→ **WORK REQUEST**
Although the entries contain pictures, only their text goes into the copy, set down exactly.

→ **PROVIDED RECORDS**
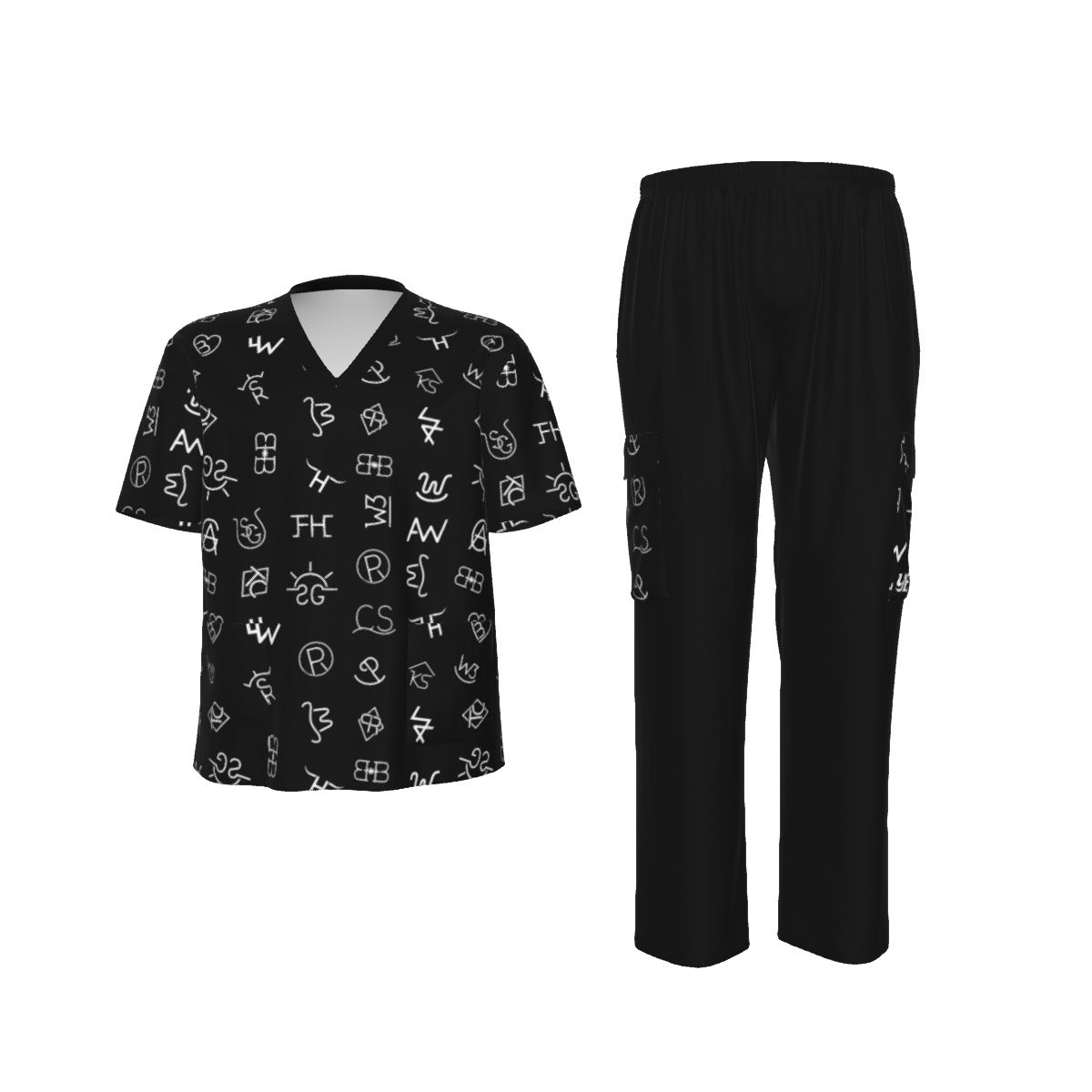 - V neckline,Two deep pockets,two side patch pockets on the pants and two patch pockets on the shirt
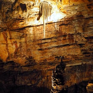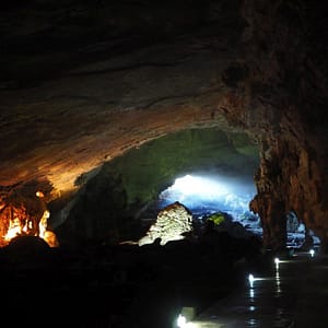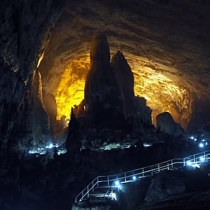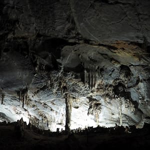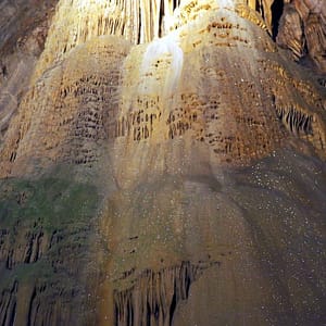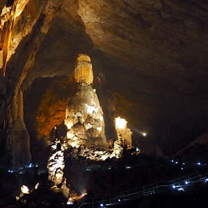 Vo vnútri je to naozaj veliké. Všetky sály sú nesmierne priestranné s neuveriteľnými formáciami. Celkovo sú sprístupnené 2 kilometre. Sprievodca zapína a vypína svetlá ako ideme. Má lejzrové ukazovátko a veľký lampáš, ktorý si na miestach výkladu zapicháva do pripravenej predlžovačky. Na kilometri 1.2 je dokonca WC. To sme v jaskyni tiež ešte nevideli. Pozeráme na to všetko ako puci, je to tu naozaj krásne, neklaustrofobické a celkom vkusne nasvietené. Nie ako kasíno vo Vietname. Ani rozsahom sme niečo tak gigantické ešte nevideli. A ku koncu, keď začnú pribúdať stúpania a schody máme celkom aj dosť. Je to, povedal by som až príliš veľké. Pri poslednej formácii si dedko vypýta sprepitné a vyšikuje nás obchádzkou po vlastnej osi naspäť. Bez svetla. Občas stretneme skupinu v protismere, tak tí nám prisvietia, inak uháňame 2km naspäť tmou. Aj sa dlhším šlapaním celkom zahrejme, inak je tu príma klíma.
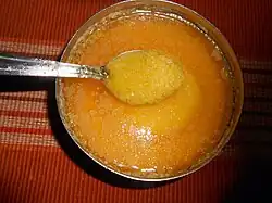 Ghee (Hindi: घी) is a type of clarified butter, originating from India.[3] It is commonly used for cooking, as a traditional medicine, and for Hindu religious rituals.[4]
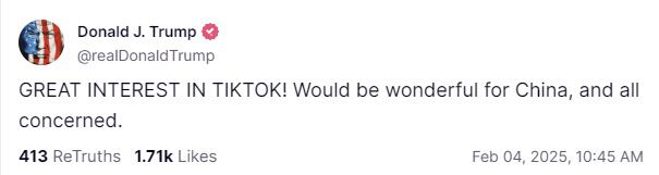 앞서 트럼프 대통령은 이날 국부펀드 조성을 지시하는 행정명령에 서명한 뒤 틱톡의 미국 내 사업권을 인수할 수 있다고 시사했다. 그는 “우리는 틱톡과 함께 뭔가를 할 것”이라며 “우리는 올바른 거래를 한다면 할 것이다. 그렇지 않으면 우리는 틱톡을 국부펀드에 넣을 수도 있다”고 말했다. 트럼프 대통령은 틱톡의 미국 내 사업을 허용하되 지분 50%를 미국 측에 넘기는 방안을 제시한 바 있다.
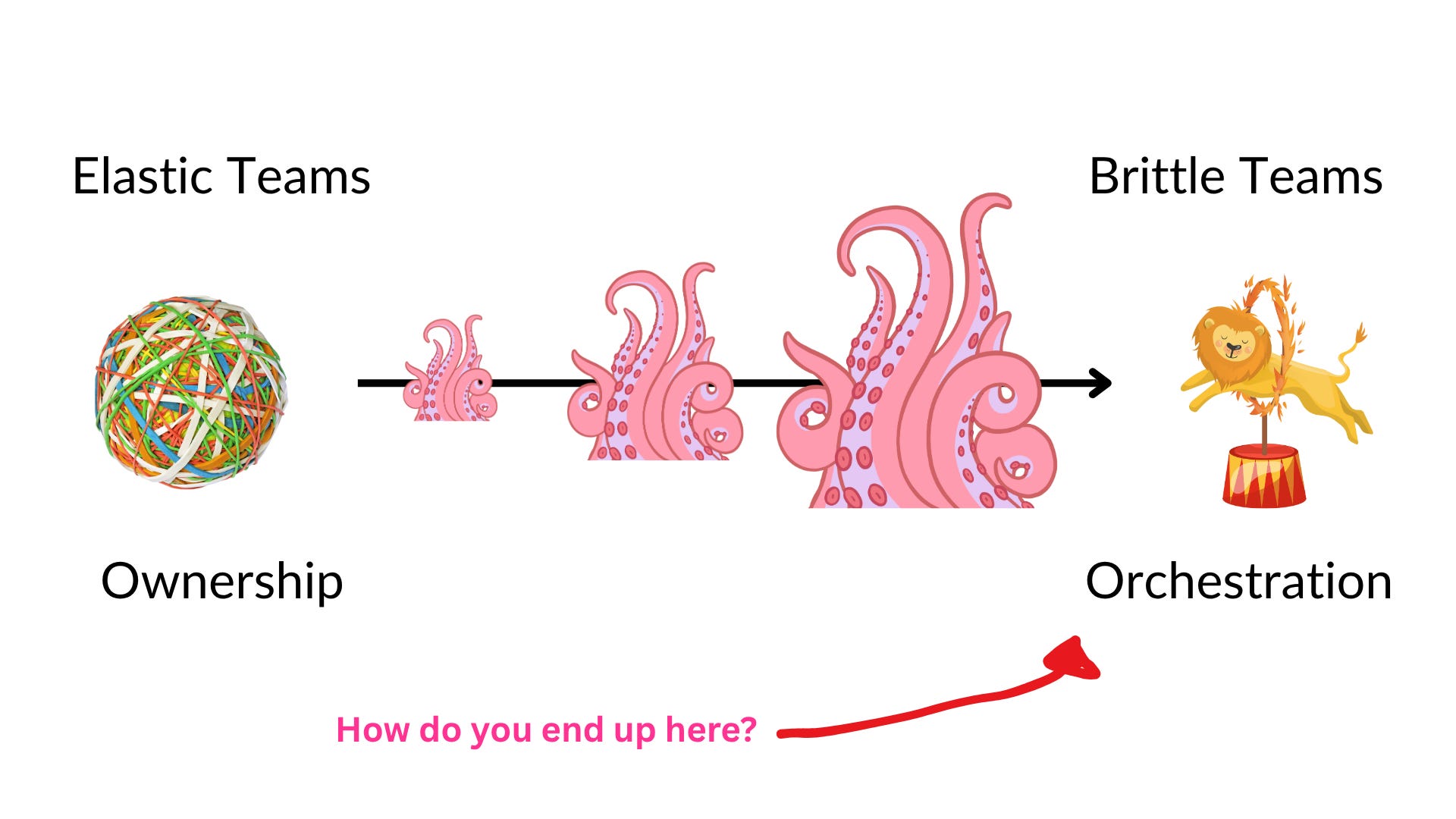 As the kraken grows, there is a gradual shift from Ownership to Orchestration. The teams use up all their elasticity to resolve internal organizational obstacles. Instead of being elastic, they become brittle: they are mostly busy dealing with the inner workings of the company: feeding, fighting and dealing with the Kraken.

→ **SOLUTION FOR THIS EXERCISE**
 - V neckline,Two deep pockets,two side patch pockets on the pants and two patch pockets on the shirt
 Vo vnútri je to naozaj veliké. Všetky sály sú nesmierne priestranné s neuveriteľnými formáciami. Celkovo sú sprístupnené 2 kilometre. Sprievodca zapína a vypína svetlá ako ideme. Má lejzrové ukazovátko a veľký lampáš, ktorý si na miestach výkladu zapicháva do pripravenej predlžovačky. Na kilometri 1.2 je dokonca WC. To sme v jaskyni tiež ešte nevideli. Pozeráme na to všetko ako puci, je to tu naozaj krásne, neklaustrofobické a celkom vkusne nasvietené. Nie ako kasíno vo Vietname. Ani rozsahom sme niečo tak gigantické ešte nevideli. A ku koncu, keď začnú pribúdať stúpania a schody máme celkom aj dosť. Je to, povedal by som až príliš veľké. Pri poslednej formácii si dedko vypýta sprepitné a vyšikuje nás obchádzkou po vlastnej osi naspäť. Bez svetla. Občas stretneme skupinu v protismere, tak tí nám prisvietia, inak uháňame 2km naspäť tmou. Aj sa dlhším šlapaním celkom zahrejme, inak je tu príma klíma.
 Ghee (Hindi: घी) is a type of clarified butter, originating from India.[3] It is commonly used for cooking, as a traditional medicine, and for Hindu religious rituals.[4]
 앞서 트럼프 대통령은 이날 국부펀드 조성을 지시하는 행정명령에 서명한 뒤 틱톡의 미국 내 사업권을 인수할 수 있다고 시사했다. 그는 “우리는 틱톡과 함께 뭔가를 할 것”이라며 “우리는 올바른 거래를 한다면 할 것이다. 그렇지 않으면 우리는 틱톡을 국부펀드에 넣을 수도 있다”고 말했다. 트럼프 대통령은 틱톡의 미국 내 사업을 허용하되 지분 50%를 미국 측에 넘기는 방안을 제시한 바 있다.
 As the kraken grows, there is a gradual shift from Ownership to Orchestration. The teams use up all their elasticity to resolve internal organizational obstacles. Instead of being elastic, they become brittle: they are mostly busy dealing with the inner workings of the company: feeding, fighting and dealing with the Kraken.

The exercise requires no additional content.